By the 1980s, a different perspective took hold. Researchers proposed that Bronze Age European cultures and languages changed as ideas passed from one group to another. Europeans didn’t form families with wayfaring, or marauding, pastoralists. Instead, locals adopted outsiders’ practices as needed, but the natives kept their genes to themselves.
Proponents of that “migrating ideas” perspective take a cautious view of Yamnaya DNA in Europe.
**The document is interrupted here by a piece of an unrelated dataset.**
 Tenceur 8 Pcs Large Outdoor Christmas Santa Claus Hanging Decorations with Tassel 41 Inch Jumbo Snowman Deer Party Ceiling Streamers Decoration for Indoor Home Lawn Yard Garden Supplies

Genetic signatures of past migrations raise more questions than they answer, these researchers argue. DNA can’t comment on why, say, Yamnaya people moved in the first place. The size of westward and eastward migrations and ways in which each passage unfolded over several centuries also remain mysterious. Perhaps most crucially, sets of genes shared by distant populations can’t explain how ancient cultures and languages changed over time.
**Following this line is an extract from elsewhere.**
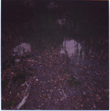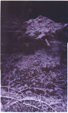 Man sieht einen 2m hohen sehr schmalen Windwurfhügel (Buche), darunter kommt ein erschreckend toter Boden zum Vorschein, bestehend aus runden Steinen und einem feinsandähnlichen Boden. Dort wächst kein Chlorophyll und keine Wurzel.

Despite the uncertainties, the Yamnaya’s wandering DNA makes one thing clear, says Eske Willerslev, an evolutionary geneticist at the University of Copenhagen. “Bronze Age pastoralists moved long distances for a long time and had an important impact on European and central Asian civilizations.” Willerslev directed one of the 2015 Yamnaya investigations. A team led by Harvard Medical School geneticist David Reich conducted the other study. Efforts to flesh out how ancient herders became movers and shakers in the rise of civilization are now in full swing, as evidenced by a range of new papers.
Traveling genes
Willerslev’s and Reich’s ancient DNA investigations, conducted independently in collaboration with different sets of archaeologists, reached the same conclusion: Yamnaya people reshaped central and northern Europeans’ DNA within a couple of hundred years after starting the journey west as early as 5,100 years ago. That came as a surprise to both research groups.
The smoking gun: DNA extracted from a total of 195 skeletons of Bronze Age northern and central Europeans in the two studies showed that those who lived between 4,900 and 4,400 years ago possessed a remarkably large amount of Yamnaya DNA. Yamnaya people contributed about 75 percent of the ancestry of those farmers, the scientists concluded.
Ancient Europeans with Yamnaya heritage belonged to what archaeologists call the Corded Ware culture, known for decorating pottery by pressing ropes into still-soft clay and making stone battle-axes. Yamnaya newcomers took the lead in creating the Corded Ware culture after reaching central and northern Europe, proposes archaeologist David Anthony of Hartwick College in Oneonta, N.Y.“We never would have known that Yamnaya people produced two distinct cultures by looking at archaeological finds alone,” says Anthony, who coauthored the 2015 paper by Reich’s group. Absent a genetic link, it would look like the Yamnaya, who previously had made nothing resembling Corded Ware pottery or battle-axes, had no hand in Corded Ware culture.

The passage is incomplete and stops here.